None of this would be possible without funding from The National Lottery. “It’s essential, absolutely essential,” says Dawn. “More than 85 per cent of our income comes from government funding.”

The model DanceSyndrome is pioneering in Lancashire is so successful it is being used as a blueprint for similar projects in Nottingham and Oldham. Using money provided by The National Lottery Community Fund’s Reaching Communities fund, DanceSyndrome is working with two organisations – Pulp Friction and Funky Fitness and Fun – to replicate its life-changing programs.

David’s mother Jenni says DanceSyndrome has had a profound effect on her son. “It’s everything to him,” she says. “He’s always wanted to be a dancer, but regular dance classes never suited him. Four weeks after joining DanceSyndrome he did a performance at [Manchester art space] The Lowery and that was it – he was off.”

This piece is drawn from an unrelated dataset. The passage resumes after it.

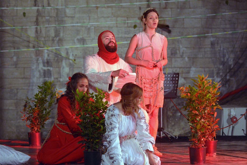 Djelo je upriličeno u izvedbi pjevača i glumaca Opere Pannonice, ansambla i zbora Akademije za umjetnost i kulturu u Osijeku u režiji Puljanina Roberta Raponje

The members of DanceSyndrome and their parents have developed strong bonds – this is a community as well as a dance company. Jess says the other dancers are “like brothers and sisters”; the other parents are “like mums and dads.” If someone is struggling with something – on or off the dance floor – the others are quick to offer help.

Dawn says some of the greatest moments are walking into the dance space and seeing “the smiles and the connections that are being made. You can feel the happiness,” she says.

Dave agrees. “Without DanceSyndrome I’d still be dancing in my house,” he says. “Without these people life would be hard.”